# [What you should do]
From start to end, write out the following data exactly, apart from its images.

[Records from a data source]
========

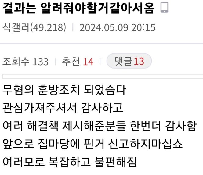 결과적으로는 무협의 훈방 조치가 되었다고 하지만 처음 대응 했던 즉결 심판 또는 기소유예의 처벌을 예고 했던 방식의 문제가 작성자를 어이 없게 만들었습니다.
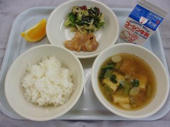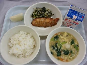 「やさいのごまあえ」 今日のやさいのごま和えには、ほうれんそう、もやし、きゃべつ、ごまを使っています。きゃべつには、食物繊維がたくさん含まれています。食物繊維には、おなかの調子を整えるはたらきがあります。よくかんで食べましょう。 |
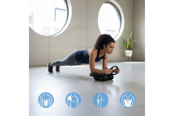 Cztery koła z antypoślizgową, gumowaną powierzchnią oraz poszerzony rozstaw zapewniają pewne prowadzenie także na gładkich nawierzchniach. Konstrukcja równomiernie rozkłada obciążenia, co ogranicza kompensację siłą ramion i wspiera zaangażowanie mięśni brzucha.
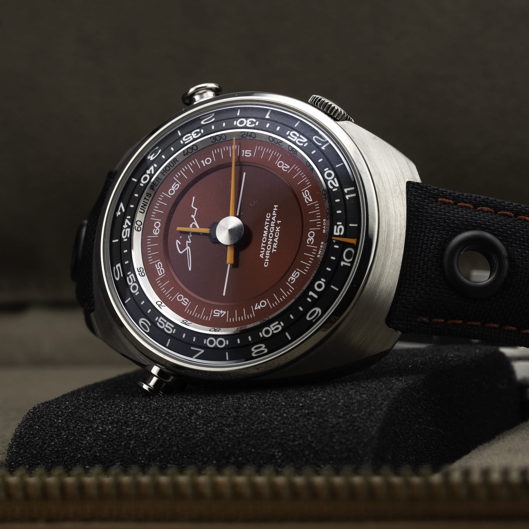 This Singer Reimagined Track 1 Flamboyant Edition SR007 is in GREAT condition. This watch includes its Original Box, Original Papers and warranty card. This watch has been fully authenticated and certified by Exquisite Timepieces. Please note, the photos shown are of the actual watch you will receive.
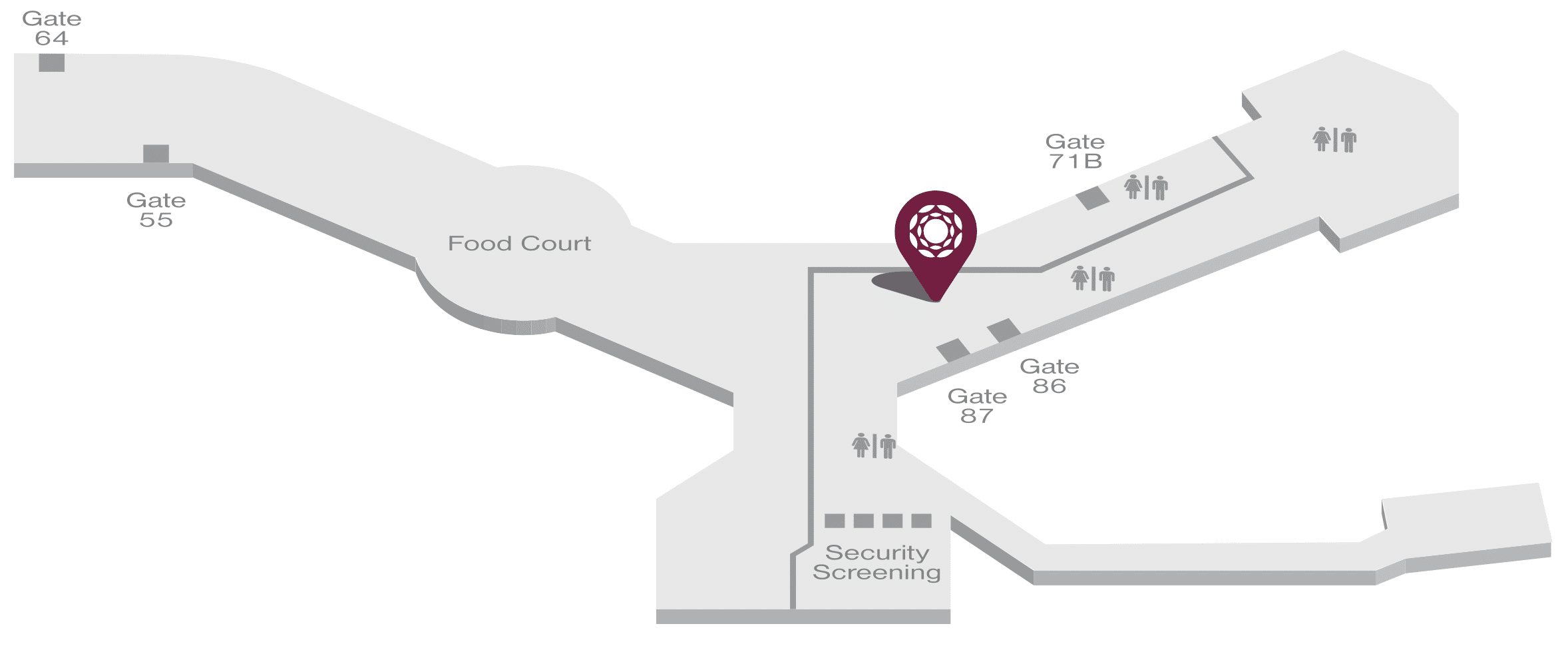 The lounge is located airside midway through the terminal across from Gate E88, overlooking the arrivals hall below.
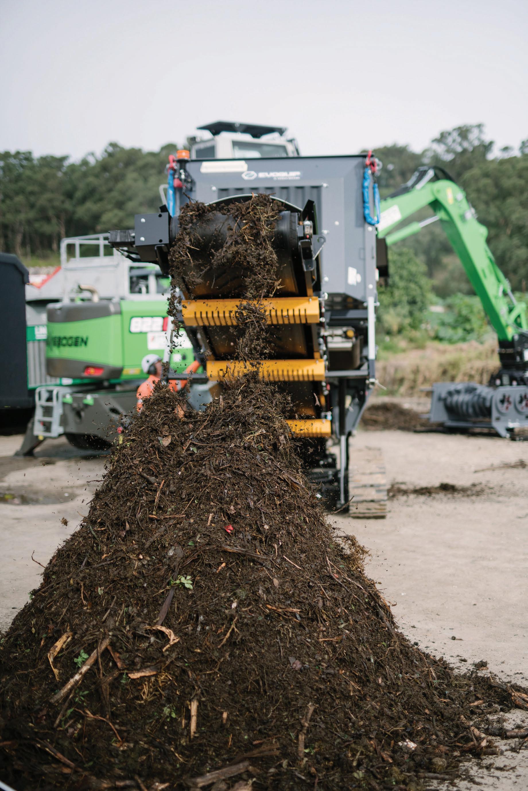 overband magnet in order to remove ferrous metals. The machine is also utilised to screen shredded and composted organic material, demonstrating its versatility and ability to adapt across multiple waste streams.

========

# [Output of the exercise]
 결과적으로는 무협의 훈방 조치가 되었다고 하지만 처음 대응 했던 즉결 심판 또는 기소유예의 처벌을 예고 했던 방식의 문제가 작성자를 어이 없게 만들었습니다.
 「やさいのごまあえ」 今日のやさいのごま和えには、ほうれんそう、もやし、きゃべつ、ごまを使っています。きゃべつには、食物繊維がたくさん含まれています。食物繊維には、おなかの調子を整えるはたらきがあります。よくかんで食べましょう。 |
 Cztery koła z antypoślizgową, gumowaną powierzchnią oraz poszerzony rozstaw zapewniają pewne prowadzenie także na gładkich nawierzchniach. Konstrukcja równomiernie rozkłada obciążenia, co ogranicza kompensację siłą ramion i wspiera zaangażowanie mięśni brzucha.
 This Singer Reimagined Track 1 Flamboyant Edition SR007 is in GREAT condition. This watch includes its Original Box, Original Papers and warranty card. This watch has been fully authenticated and certified by Exquisite Timepieces. Please note, the photos shown are of the actual watch you will receive.
 The lounge is located airside midway through the terminal across from Gate E88, overlooking the arrivals hall below.
 overband magnet in order to remove ferrous metals. The machine is also utilised to screen shredded and composted organic material, demonstrating its versatility and ability to adapt across multiple waste streams.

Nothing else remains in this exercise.